The man still, somehow, commanded respect. His argument did not. “Jerome Cardy was a decent law-abiding person! Nye Jackson was a decent law-abiding person. And actually,” snapped Hazel, “I am and so is Ash. Your friend Mickey was going to kill us both.”
“I know it got out of hand,” admitted Fountain. “Mickey took his eyes off the prize when it got personal. He said he wanted to drum young Cardy out of town and I agreed to help. Reluctantly. I thought it was better than having them deal with him in a dark alley some night.”
Alice couldn’t contain a peal of hysterical laughter. Fountain frowned his disapproval, as if she were a child cheeking her betters. “You don’t have to believe me. But that’s what I thought. That if it was going to happen, it was better happening at Meadowvale.
“Mickey set it up. Not the accident, which was nothing more than that. But when he heard that Jerome had been arrested, he made arrangements to have Barclay arrested, too. All he wanted from me was to make sure they ended up in the same cell. It didn’t seem that big an ask. I saw to it after the speeches had finished. When I heard later that the boy was dead, I was as horrified as anyone.” His scowl dared Hazel to call him a liar.

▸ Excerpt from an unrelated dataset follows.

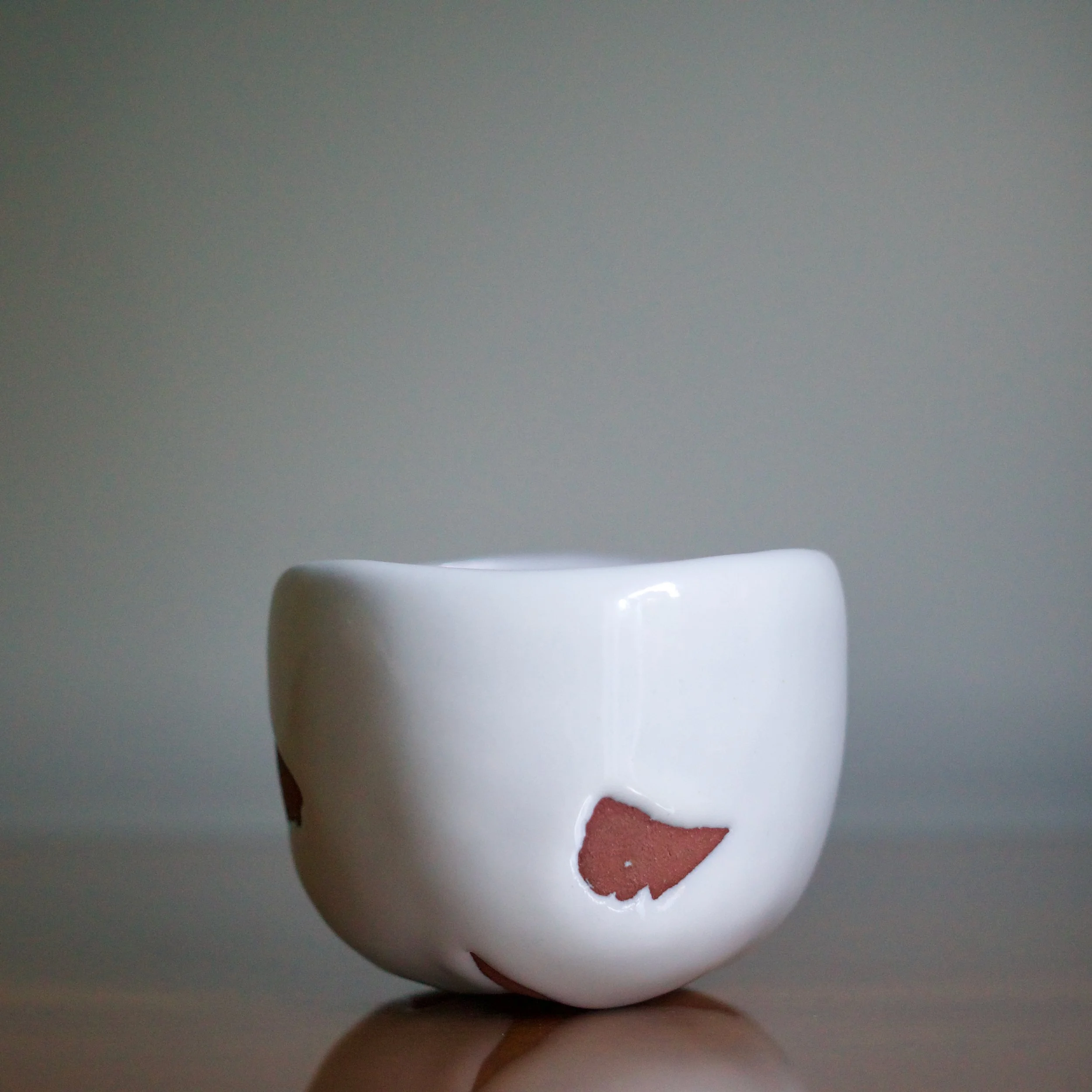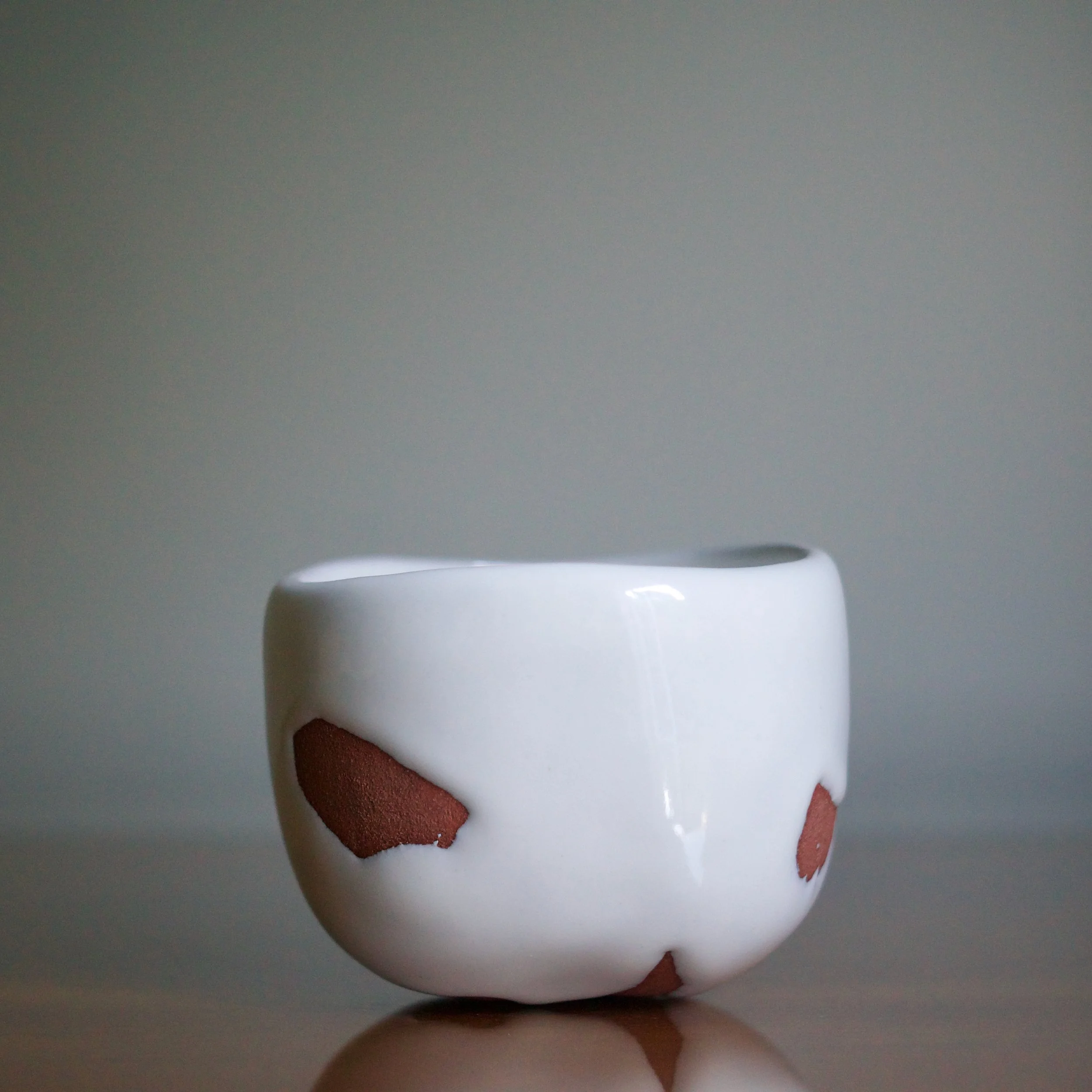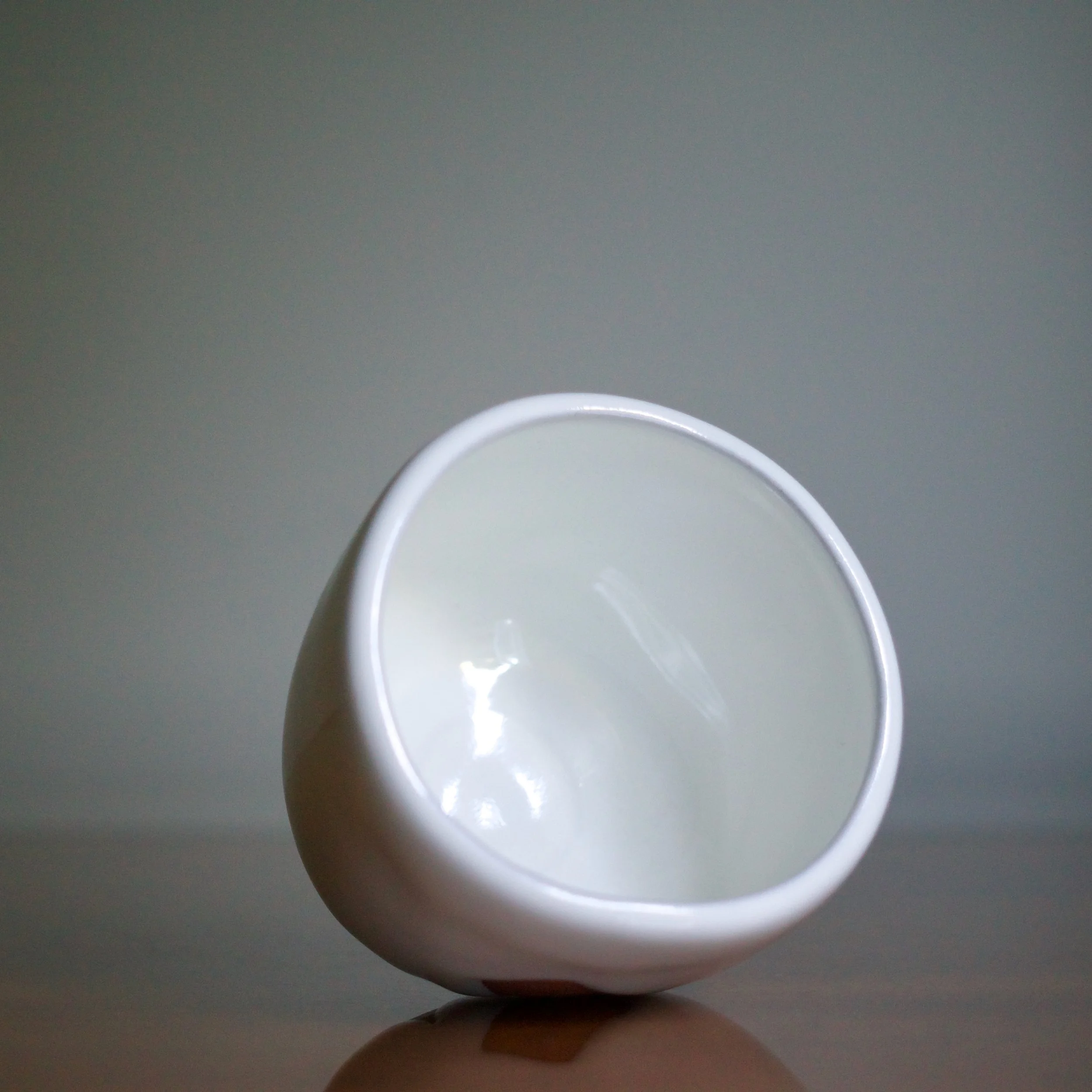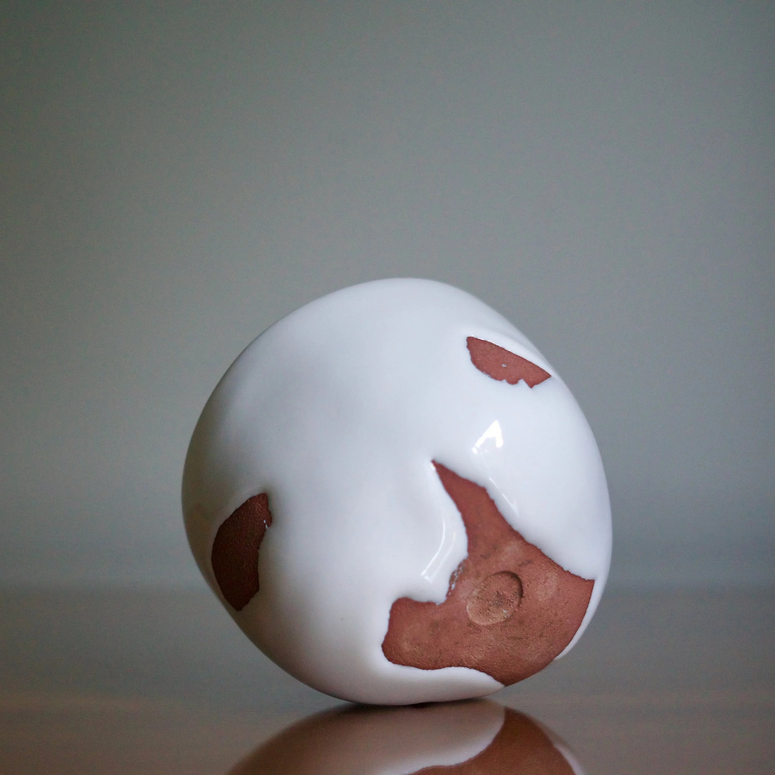 Organic and natural, this chawan fits perfectly in the hand. Without a foot, it sits on the three lobes that form its bottom. The rim undulates in gentle swells like water or rolling hills. And the warm clay body contrasts with the purest white Fukushima feldspar. It is like a seedpod or husk, fallen to the ground, covered in snow, waiting for spring.

“So what should I have done? Owned up? Would that have made Norbold a better place? Mickey wouldn’t have come quietly. He and his crew would have shot huge holes in the thin blue line. I’ll tell you something else.” Under its mane of white hair the craggy face leaned forward urgently. “We play this wrong now and there’ll still be mayhem. With Mickey gone, there’s a power vacuum that every dog he kept at heel will want to fill.
“What do you suppose will happen if I go, too? The
only
hope of keeping the lid on Norbold right now is me. You talk to IPCC and I guarantee you that tonight all hell will break loose. People will die—lots of people. And some of them will be little thugs taking on bigger thugs, but some of them will be ordinary citizens and some of them will be police officers. Hazel—do you really want that on your conscience?”